From the transition probability matrix, we see that to transition from (1, 1) to (1, 0) in one day, both machines need to remain operational, which has a probability of (1 - p) * (1 - p) = (1 - p)^2.
Therefore, the probability of transitioning from (1, 1) to (1, 0) after two days is ((1 - p) * (1 - p))^2 = (1 - p)^4.
(b) To find the expected number of days until both machines are down, given that currently both machines are operational, we need to consider the transition probabilities from state (2, 0) to state (0, 1).

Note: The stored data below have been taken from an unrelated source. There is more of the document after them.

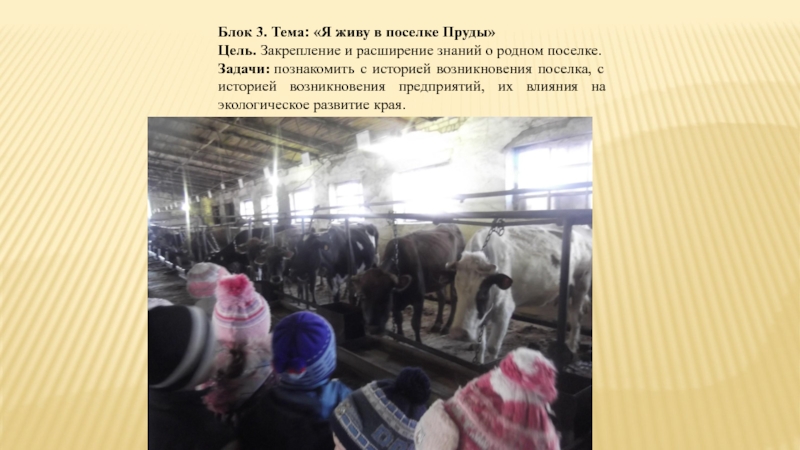 Слайд 5Блок 3. Тема: «Я живу в поселке Пруды»
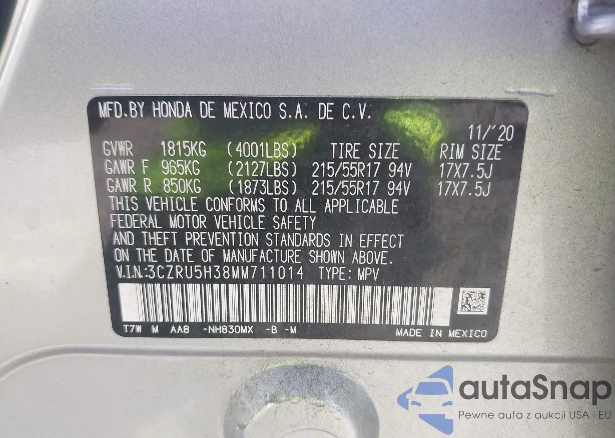 • VIN 3CZRU5H38MM711014
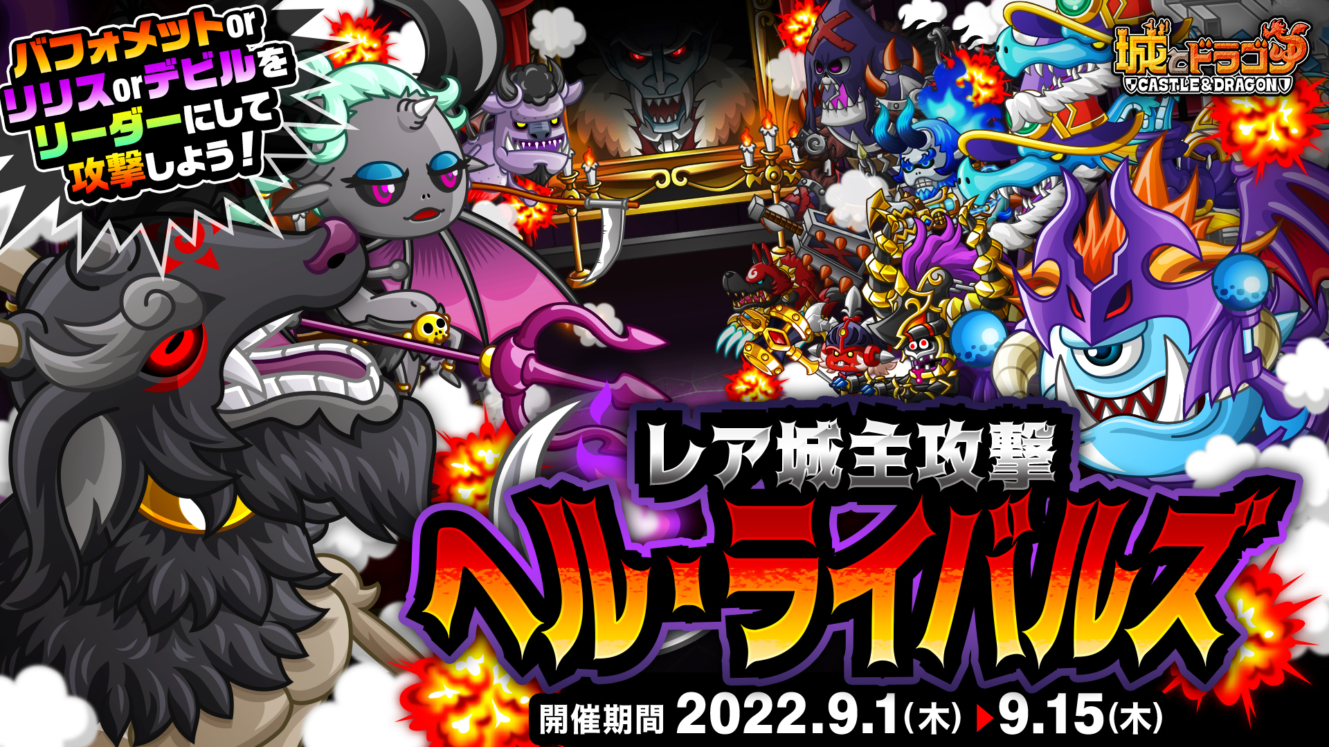 「バトル」から「ひとりで」または「みんなで」を選んで「攻撃」を選択すると、ランダムでレア城主が出現する“レア城主イベント”に「ヘル・ライバルズ」が登場。見事勝利すれば、豪華報酬を獲得することができます。
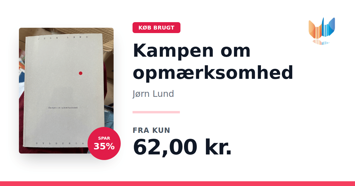 Lige nu kan du købe "Kampen om opmærksomhed" af Jørn Lund til kun 62,00 kr. Du sparer hele 35% af nyprisen! Bogen du ser her er brugt, og i god stand. Vi har i øjeblikket kun et enkelt eksemplar til salg af "Kampen om opmærksomhed", så slå til mens du kan!
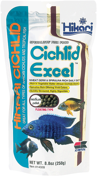 Hikari Chiclid excel, een hoogwaardig chiclide voer Hikari chiclid excel is een voeding rijk aan plantenstoffen, speciaal...
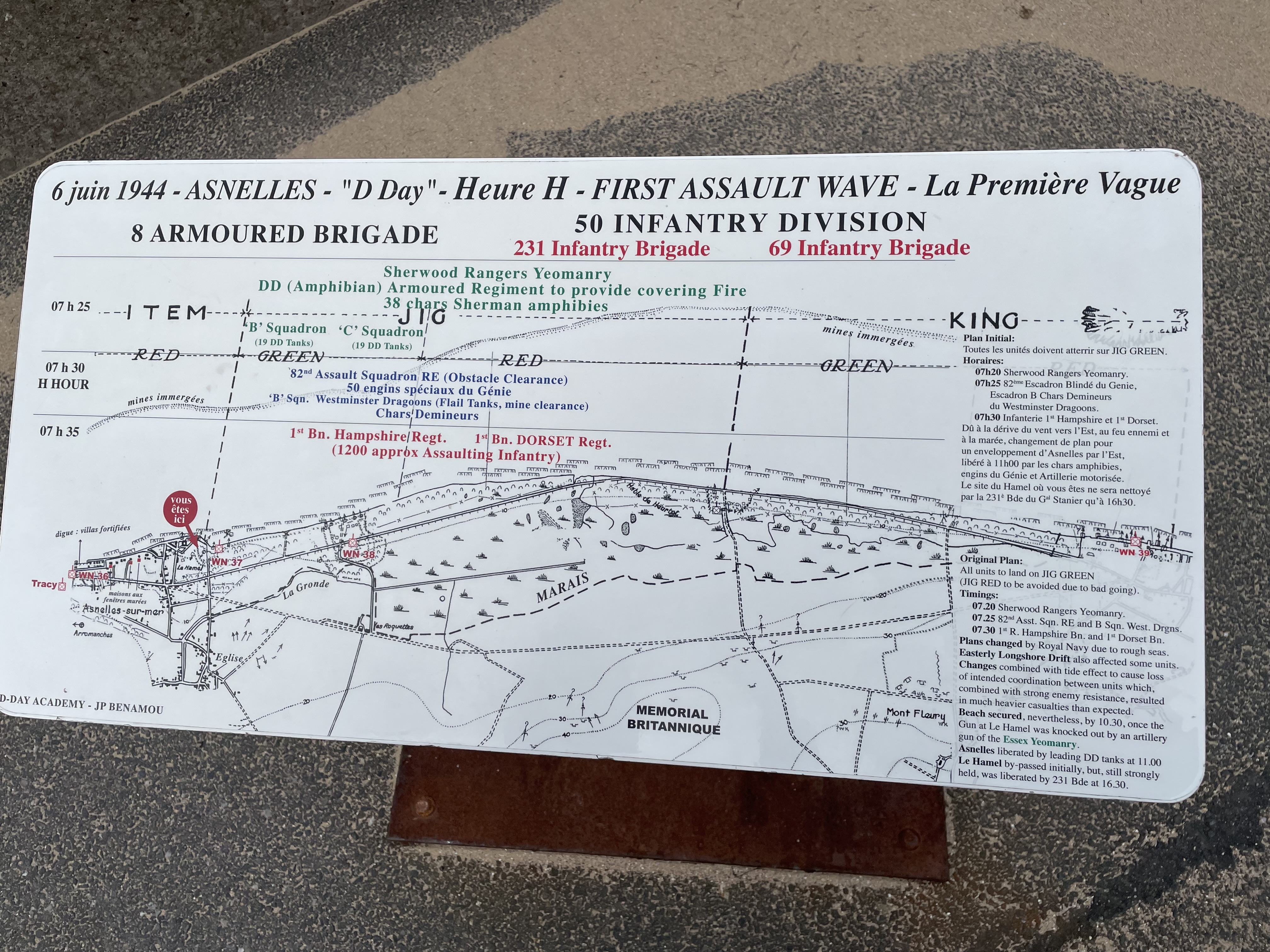 East of these cliffs there is the lower lying land of Gold Beach's 'Item', 'Jig' and 'King' sections. Here at Le Hamel, by Asnelles, you can still find the remains of a German gun emplacement with a sign explaining the role of the 50th (Northumbrian) Infantry Division in the assault.
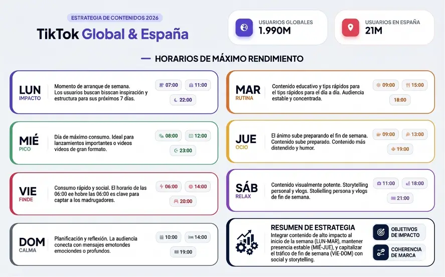 Basándonos en los datos más recientes de este 2026, hemos identificado tres franjas de «oro» en el territorio español. Si buscas las mejores horas para subir TikTok España, apunta estas citas en tu calendario de contenidos:
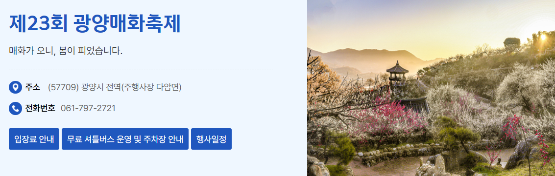 매년 광양에서는 100만명이 넘는 관광객들이 몰려옵니다. 이는 지리산 및 섬진강에 펼쳐져 있는 매화를 보기 위함인데요, 올해는 3월 8일부터 10여일동안 광양 매화 축제가 진행 될 예정입니다.
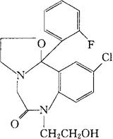 C19H18ClFN2O3=376.81CAS-27060-91-9 10-氯-11b-邻-氟苯基-2,3,7,11b-四氢-7-(2-羟乙基)噁唑异(3,2-d][1,4]苯并二氮杂 -6(5H)-酮。 10-Chloro-11b-(o-fluorophenyl)-2,3,7,11b-tetrahydro-7-(2-hydroxyethyl)oxazolo[3,2-d][1,4]benzodiazepin-6(5H)-one. 抗焦虑药,安定药。 氟太唑仑。 Coreminal,Flutazolam. INN,JAN,USAN,MI.  |
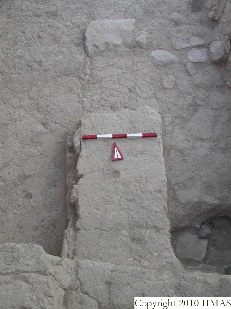 Description (summary) | 2003-08-25 | ms | possible pise wall. To the east is probable brickfall, f422, and accumulation from wall f413. To the south the connection with any surroundings is unclear and will not be investigated this season. [Input: N825ms.j] |
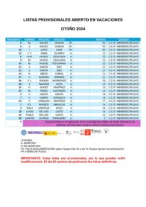 LISTAS PROVISIONALES
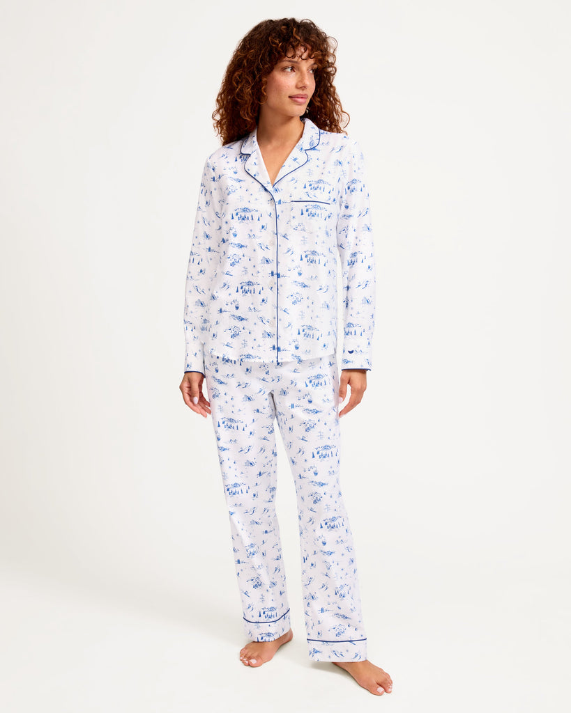 Petite Plume wishes you a “bonne nuit,” and in their luxury sleepwear, it’s hard not to oblige. The Women's Twill Pajama Set in Chalet Toile captures the magic of snowy getaways, with a ski-inspired print designed for those who adore winter adventures—or simply cozying up indoors. Classic tailoring, contrast piping, and logo buttons give this timeless set a crisp finish.
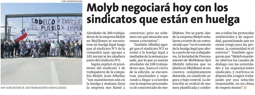 MOLYB reafirma que su planta en Mejillones está detenida, segura y bajo control - (region2)
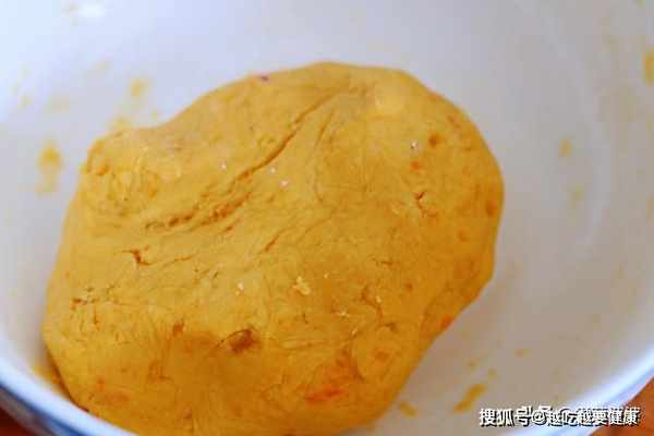 步驟5,重複上面的步驟,在紅甘薯泥中倒入紅薯澱粉,揉成麵團。
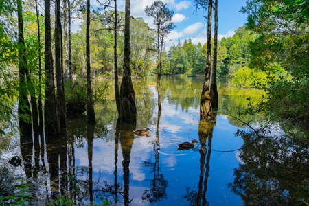 Mysterious reflections in a cypress swamp with still water surrounded by trees
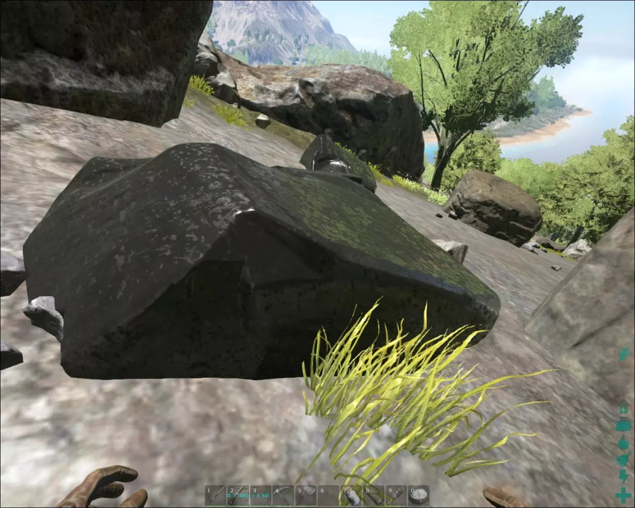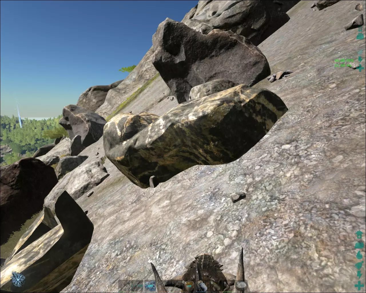 资源 这里简单展示一下资源的外观图片链接。我用恐龙图片替代了缺失的截图,之后会进行替换。由于我仍在探索地图,这些区域可能并非最佳位置。 注意:下文提到山脉并称之为“最佳地点”时,我自动排除了雪地生物群系,因为那里相当危险。不过就所有资源而言,雪地生物群系的资源浓度最高,只是那里的生物和气候使其无法成为“最佳地点”。 金属 分布在多岩石的山脉上。就密集的金属和黑曜石区域而言,白石山似乎是最佳山脉。
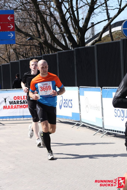 Przez pierwsze 5 kilometrów męczyłem się strasznie. Myślałem sobie, po co ja tu przyjechałem, w ogóle nie chce mi się dzisiaj biegać, czułem się słabo i bolały mnie nogi. Dopiero po 5 kilometrze nabrałem luzu i biegło mi się naprawdę dobrze. Na ulicy Konwiktorskiej mieliśmy mijankę z zawodnikami czołówki biegu na 10km. Chwilę później mignął mi Artur Pelo, którego głośno pozdrowiłem, a po chwili cała reszta biegaczy mijała nas po lewej stronie. W tłumie wypatrzyłem Justynę Kowalczyk, która ukończyła bieg w rewelacyjnym czasie 36 minut. Gdy minęliśmy Krakowskie Przedmieście skręciliśmy w lewo w Tamkę, na której był stromy zbieg. Postanowiłem puścić nogi luźno i prawą stroną ulicy szybko zbiegłem na dół notując na tym kilometrze czas 4.15. Potem tempo się już wyrównało i biegłem sobie spokojnie koncentrując się na odpowiednim nawadnianiu i przyjmowaniu żelów i tabletek magnezu z potasem. Niestety tabliczki z oznaczeniem kolejnych kilometrów od początku trasy były źle poustawiane więc polegać musiałem na moim telefonie i aplikacji endomondo. Jak zauważyłem już na wcześniejszych maratonach, do półmetka, 25 kilometra słychać rozmowy, żarty. Potem stopniowo się to wycisza i wreszcie milknie. Wszyscy biegną w milczeniu, każdy sam w ciszy przeżywa swój maraton. To niesamowite wrażenie.OrlenMaraton2013_2816

From the transition probability matrix, we see that to transition from (2, 0) to (0, 1) in one day, both machines need to fail, which has a probability of p * p = p^2.
Therefore, the expected number of days until both machines are down, given that both machines are currently operational, is 1 / (p^2).
(c) To find the steady-state probabilities, we need to solve the equation πP = π, where π is the row vector of steady-state probabilities and P is the transition probability matrix.
Solving this equation will give us the steady-state probabilities for each state (i, j). Since the given matrix is not provided, it is not possible to calculate the exact steady-state probabilities without the specific values of the transition probabilities.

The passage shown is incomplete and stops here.